## [EXERCISE MATERIAL]
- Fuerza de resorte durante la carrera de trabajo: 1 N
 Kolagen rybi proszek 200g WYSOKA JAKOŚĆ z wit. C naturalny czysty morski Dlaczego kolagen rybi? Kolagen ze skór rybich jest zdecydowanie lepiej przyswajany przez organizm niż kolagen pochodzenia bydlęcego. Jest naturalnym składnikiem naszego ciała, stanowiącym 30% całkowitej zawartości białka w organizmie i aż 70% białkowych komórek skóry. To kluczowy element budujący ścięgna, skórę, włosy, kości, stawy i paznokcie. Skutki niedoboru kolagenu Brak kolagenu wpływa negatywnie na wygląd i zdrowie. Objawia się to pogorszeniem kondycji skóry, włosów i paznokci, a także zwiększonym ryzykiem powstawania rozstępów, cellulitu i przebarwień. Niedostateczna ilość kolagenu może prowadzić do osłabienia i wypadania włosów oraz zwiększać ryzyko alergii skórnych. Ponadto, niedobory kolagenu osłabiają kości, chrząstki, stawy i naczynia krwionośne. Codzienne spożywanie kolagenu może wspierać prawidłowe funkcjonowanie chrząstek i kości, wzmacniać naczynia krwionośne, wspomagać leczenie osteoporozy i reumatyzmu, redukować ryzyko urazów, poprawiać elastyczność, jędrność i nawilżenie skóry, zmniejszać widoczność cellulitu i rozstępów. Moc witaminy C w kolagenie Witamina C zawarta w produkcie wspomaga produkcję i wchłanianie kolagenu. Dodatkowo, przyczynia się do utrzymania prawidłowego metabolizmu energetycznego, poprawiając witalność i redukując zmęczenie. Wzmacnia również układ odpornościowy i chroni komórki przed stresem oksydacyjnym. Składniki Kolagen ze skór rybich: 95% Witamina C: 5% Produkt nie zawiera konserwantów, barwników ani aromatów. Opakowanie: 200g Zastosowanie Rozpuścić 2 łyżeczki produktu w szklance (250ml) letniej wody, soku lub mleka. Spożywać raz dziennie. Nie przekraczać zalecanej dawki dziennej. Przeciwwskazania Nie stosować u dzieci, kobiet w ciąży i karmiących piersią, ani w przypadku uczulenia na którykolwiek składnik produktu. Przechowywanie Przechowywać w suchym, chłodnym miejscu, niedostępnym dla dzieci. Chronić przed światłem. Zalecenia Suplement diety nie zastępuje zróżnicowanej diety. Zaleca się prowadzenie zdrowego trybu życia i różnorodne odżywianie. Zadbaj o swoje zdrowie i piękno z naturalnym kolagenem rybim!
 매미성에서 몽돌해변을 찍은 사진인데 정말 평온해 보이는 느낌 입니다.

--

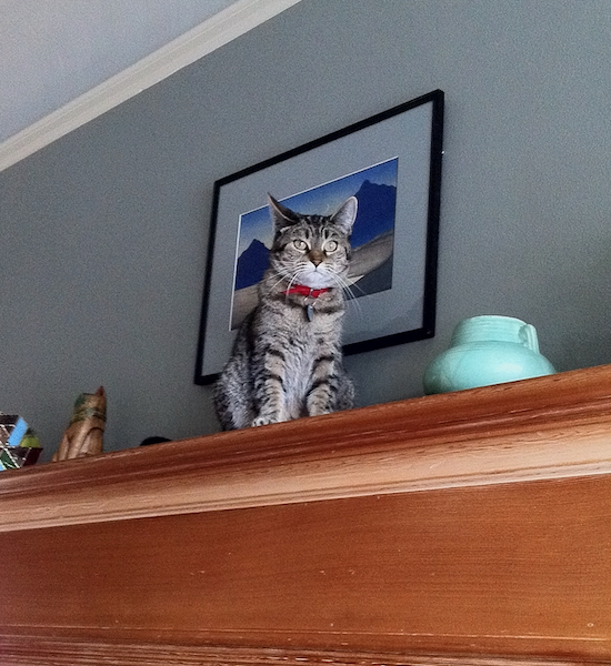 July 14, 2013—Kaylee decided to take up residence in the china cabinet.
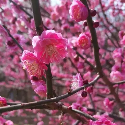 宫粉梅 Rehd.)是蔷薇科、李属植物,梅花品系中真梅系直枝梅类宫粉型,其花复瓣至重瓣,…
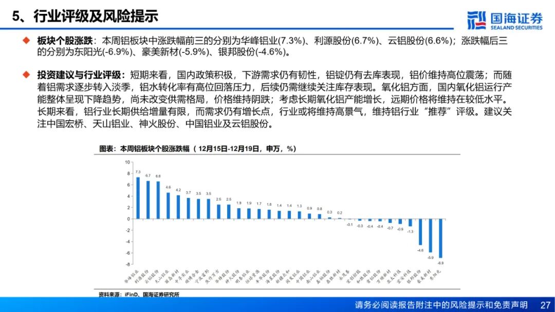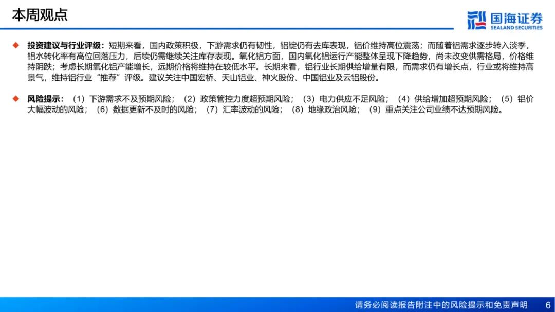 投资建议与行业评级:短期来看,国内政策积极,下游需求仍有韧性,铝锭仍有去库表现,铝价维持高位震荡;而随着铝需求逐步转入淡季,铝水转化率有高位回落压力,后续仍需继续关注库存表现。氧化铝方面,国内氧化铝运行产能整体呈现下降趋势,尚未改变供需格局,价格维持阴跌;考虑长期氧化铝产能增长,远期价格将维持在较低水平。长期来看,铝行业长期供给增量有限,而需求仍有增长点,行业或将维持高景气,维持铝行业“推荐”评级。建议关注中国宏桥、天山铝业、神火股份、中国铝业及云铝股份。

--

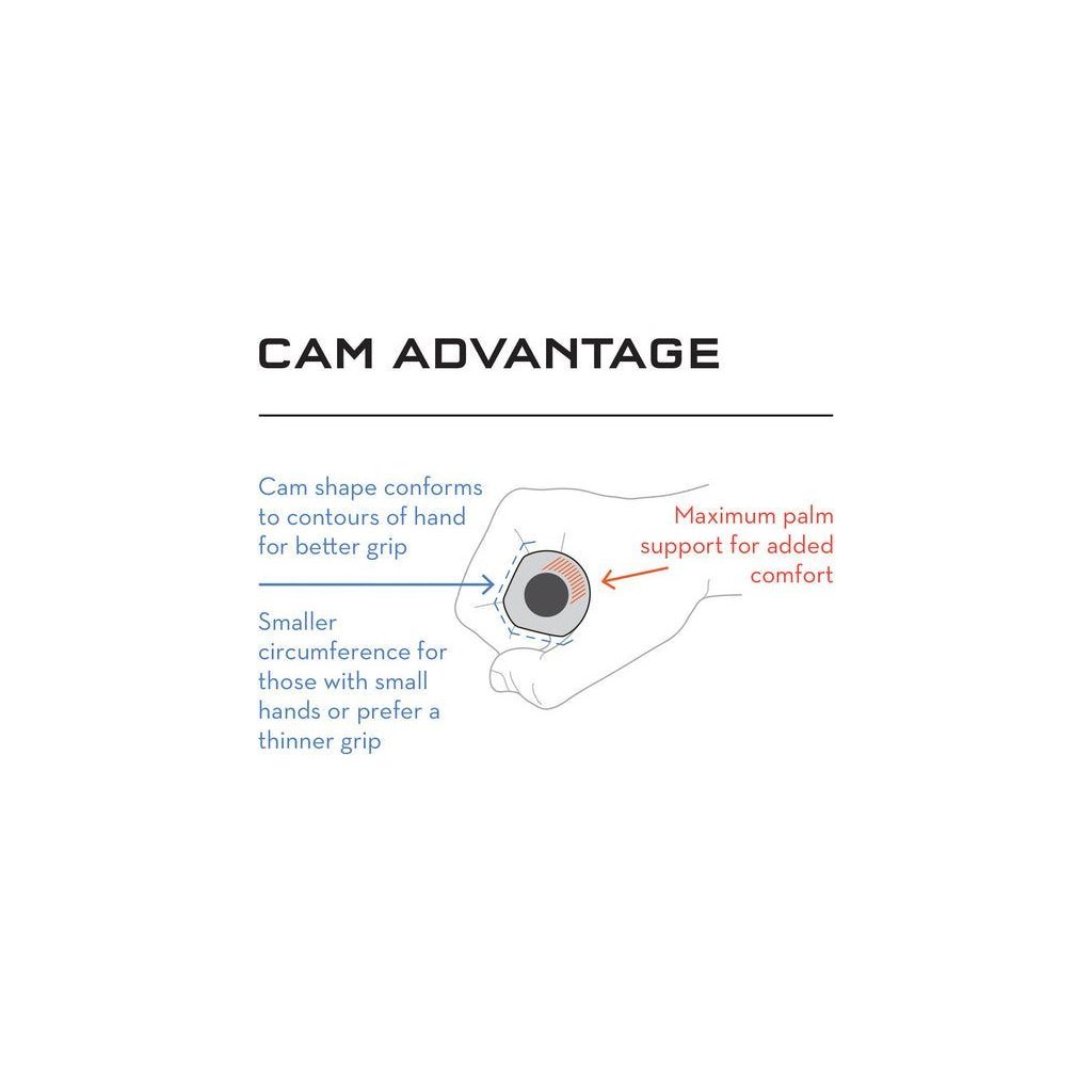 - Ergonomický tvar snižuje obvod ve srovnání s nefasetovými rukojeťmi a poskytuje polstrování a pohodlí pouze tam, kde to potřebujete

## [PROBLEM TO WORK ON]
Copy back exactly the lines above from the one containing "宫粉梅 Rehd.)是蔷薇科" through the one containing "投资建议与行业评级:短期来看", and leave every picture behind.

## [REPLY TO THE TASK]
 宫粉梅 Rehd.)是蔷薇科、李属植物,梅花品系中真梅系直枝梅类宫粉型,其花复瓣至重瓣,…
 投资建议与行业评级:短期来看,国内政策积极,下游需求仍有韧性,铝锭仍有去库表现,铝价维持高位震荡;而随着铝需求逐步转入淡季,铝水转化率有高位回落压力,后续仍需继续关注库存表现。氧化铝方面,国内氧化铝运行产能整体呈现下降趋势,尚未改变供需格局,价格维持阴跌;考虑长期氧化铝产能增长,远期价格将维持在较低水平。长期来看,铝行业长期供给增量有限,而需求仍有增长点,行业或将维持高景气,维持铝行业“推荐”评级。建议关注中国宏桥、天山铝业、神火股份、中国铝业及云铝股份。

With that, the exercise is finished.